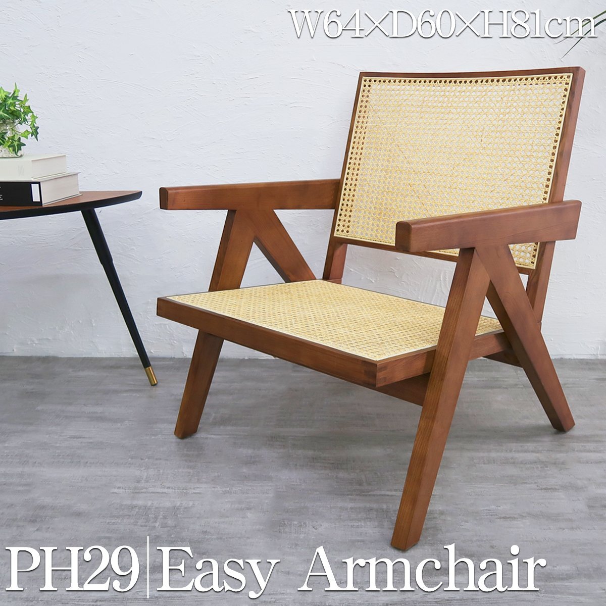 > ラタンチェア 籐編み ラウンジチェア 北欧 イージーチェア ジャンヌレ 一人掛け リビングチェア 椅子 ローチェア 木製 おしゃれ PH29BR
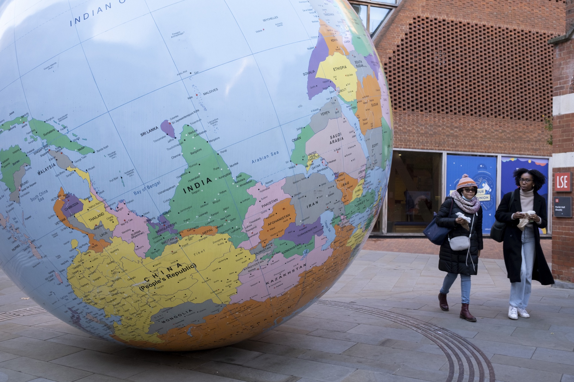 中国人民共和国和印度被艺术家马克·沃林格(Mark Wallinger)在伦敦的公共艺术雕塑《世界颠倒》上颠倒地看到,这是2022年的事。
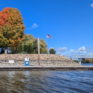 冬季水位のミシシッピリバーは、プリプラ時から70cmの大減水! マークしておいた木やリップラップはことごとく陸の上、全く別の河になってます。 綺麗な紅葉には癒されますが、一度水中堤防に座礁しました(滝汗)。
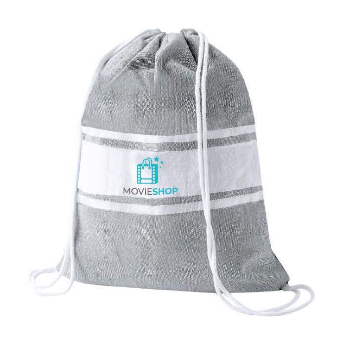 RUCKSACK AUS RECYCELTER BAUMWOLLE mit integrierter Decke Rucksack mit Kordelzug, hergestellt aus widerstandsfähiger recycelter Baumwolle 170g/m2. Mit einem speziellen aber einfachen Faltsystem verwandelt sich der Rucksack in eine einladende Pareo Decke. Maße: Decke 180 x 90 cm
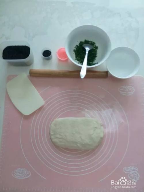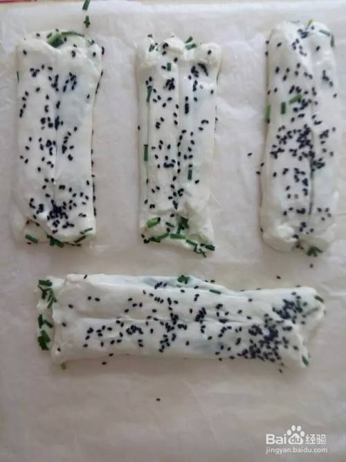 面团擀边码扁平长薄方型,把葱花加油盐拌均匀后撒在面皮上。
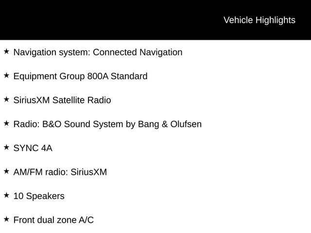 - 10 Speakers, AM/FM radio: SiriusXM, Radio: B&O Sound System by Bang & Olufsen, SiriusXM Satellite Radio, SYNC 4A
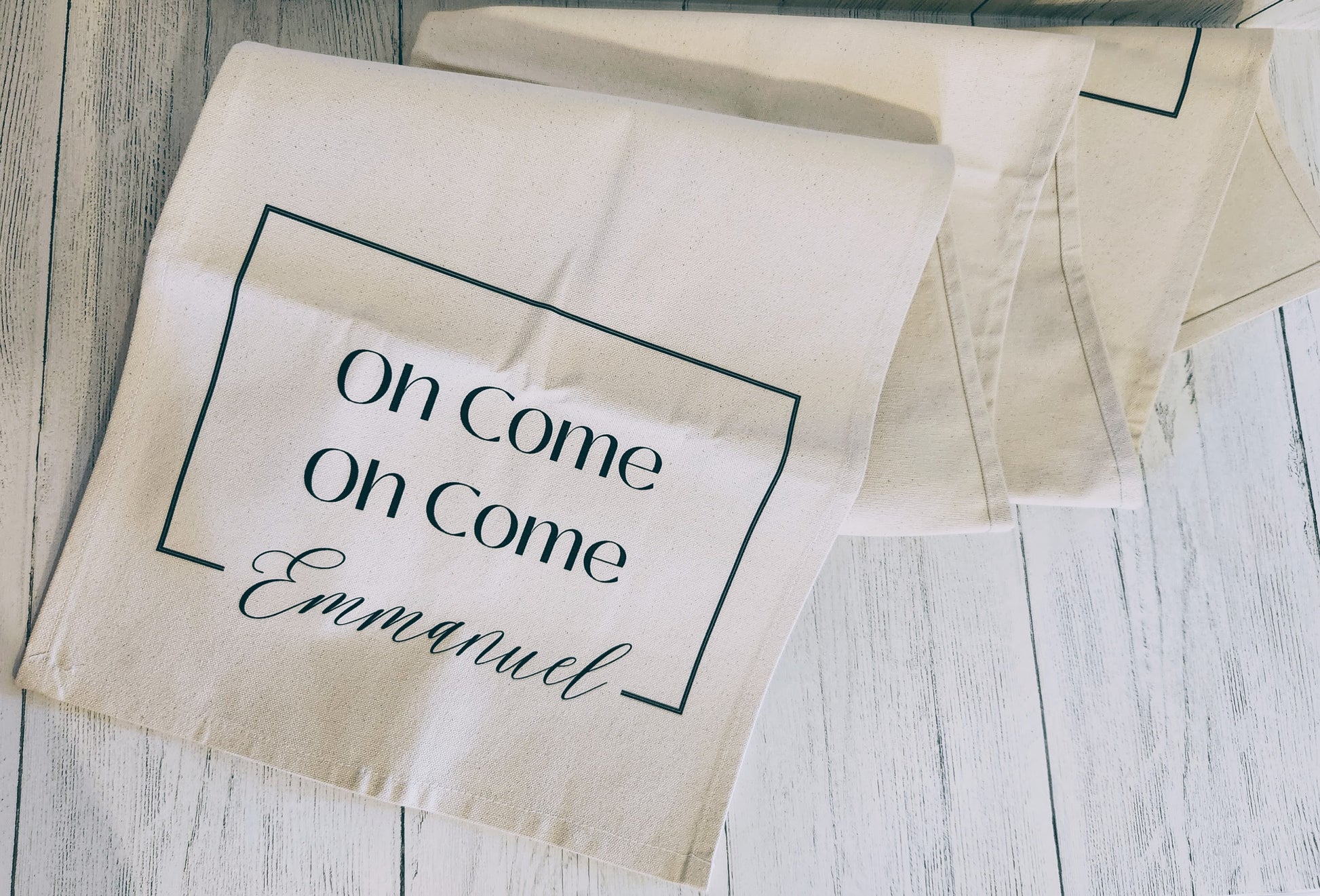 - Table Runner: These Emmanuel table runners were sourced from "cotton and Canvas Company" and designed by our very own Ellie Mae. They were a breeze to work with and have several other canvas related home decor items you can check out. $22

────

• [WHAT IS BEING ASKED] Copy exactly the lines that run from the line containing "- 10 Speakers, AM/FM" to the end of the data, keeping both end lines and dropping every picture.

• [PROBLEM SOLUTION]
 - 10 Speakers, AM/FM radio: SiriusXM, Radio: B&O Sound System by Bang & Olufsen, SiriusXM Satellite Radio, SYNC 4A
 - Table Runner: These Emmanuel table runners were sourced from "cotton and Canvas Company" and designed by our very own Ellie Mae. They were a breeze to work with and have several other canvas related home decor items you can check out. $22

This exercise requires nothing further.